Yale Students Mark Bittersweet Islam Week

CAIRO – Muslim students at prestigious Yale University have hosted the annual Islam Awareness week that turned into a bittersweet event in which they helped their colleagues to learn about Islam, though being reminded by rising anti-Muslim hate crimes.

“Islam Awareness Week this year has been bittersweet,” Elamin Elamin ’18 said in opening remarks for a “Positioning Islam Today” teach-in held Saturday, Yale Daily News reported on Monday, March 7.

“While we have enjoyed the opportunity to have events, discussions, and hand out roses … we were harshly reminded of the real, tragic impact of senseless violence that plagues the Muslim community.

“In a time when hate crimes such as violence against individuals and vandalism of mosques are the highest since 9/11, it is most pressing that we speak and learn about Islam in an open and honest way.”

Islam Awareness Week was hosted by the Muslim Students Association at Yale from February 28 to March 5.

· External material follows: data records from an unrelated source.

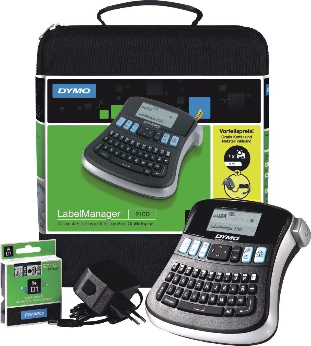 Dymo LabelManager 210D+ im Koffer Beschriftungsgerät, schwarz/silber, mit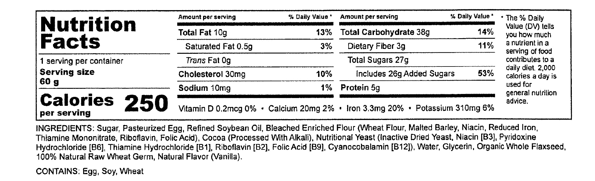 Ingredients: Sugar, natural flavor, malic acid, fruit & vegetable juice for color, stevia.Proprietary Herbal Blend: goat’s rue extract, fennel seed, blessed thistle.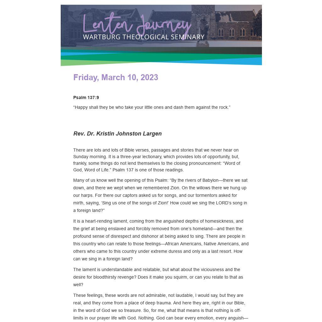 There are lots and lots of Bible verses, passages and stories that we never hear on Sunday morning. It is a three-year lectionary, which provides lots of opportunity, but, frankly, some things do not lend themselves to the closing pronouncement: “Word of God, Word of Life.” Psalm 137 is one of those readings.
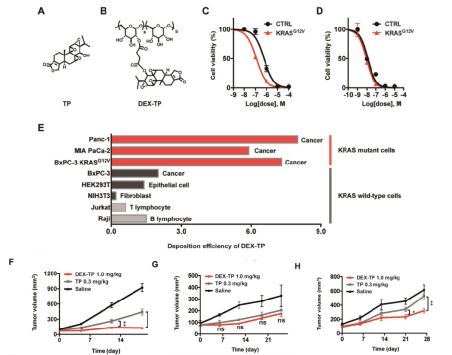 作者通过酯键的方式将小分子药物TP与70kDa的Dextran进行了偶联(图2 A和B),通过比较TP和DEX-TP对BxPC-3和BxPC-3 KRASG12V细胞的疗效,发现DEX-TP对KRAS突变表现出更强的药物疗效(图2C),而TP没有选择性(图2D)。
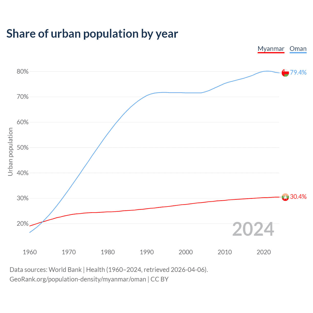 From 2004 to 2024, the share of urban population changed from 28.2% to 30.4% in Myanmar and from 71.5% to 79.4% in Oman.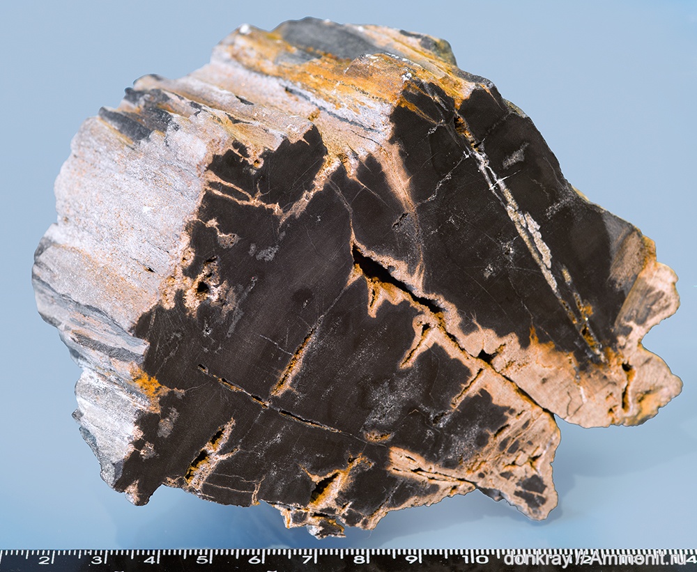 Окаменелое палено было найдено в реке Губс. Внешняя оболочка в кристаллах, см. доп. фото фото. С помощью поперечного среза с шлифовкой проявилось простейшая клеточная структура голосеменного. Посмотрите на доп.фото фото.

The annual event was intended to help students learn about Islam through a series of events and campaigns that encouraged them to develop a better understanding of the religion.

According to Coordinator of Muslim Life Omer Bajwa, events were also planned to challenge Islamophobic conceptions perpetuated by the modern media.

The events of the week began with a screening of “Enemy of the Reich,” a documentary about a Muslim woman who helped fight the Nazis during World War II.

Later in the week, events included a photo campaign on Cross Campus and a Tuesday evening vigil that mourned the Indiana shooting of three Sudanese men, two of whom were practicing Muslims.

The vigil gave students a chance to see the impact of what Bajwa called “rampant and virulent Islamophobia.”

Muslim Life

Islam Awareness Week gave Muslim students a platform through which to educate their peers about what it means to be a Muslim American in everyday life.

During Saturday’s panel, four Yale students discussed their experiences as practicing Muslims in a generally secularized institution.

“Most people who are religious are themselves and then their religion, but Muslims are expected to somehow be Muslim before that, especially for Muslim women who wear a hijab,” Mary Turfah ’16 said.

Turfah, one of the panelist, she was bothered by how, in the Yale community, her “Muslimness somehow has to come before [her] personhood.”

“Somehow, they represent this meta thing that is Islam before they are even themselves; every action they do doesn’t reflect their persons, but reflects this religion that takes up more than 2 billion people,” she said.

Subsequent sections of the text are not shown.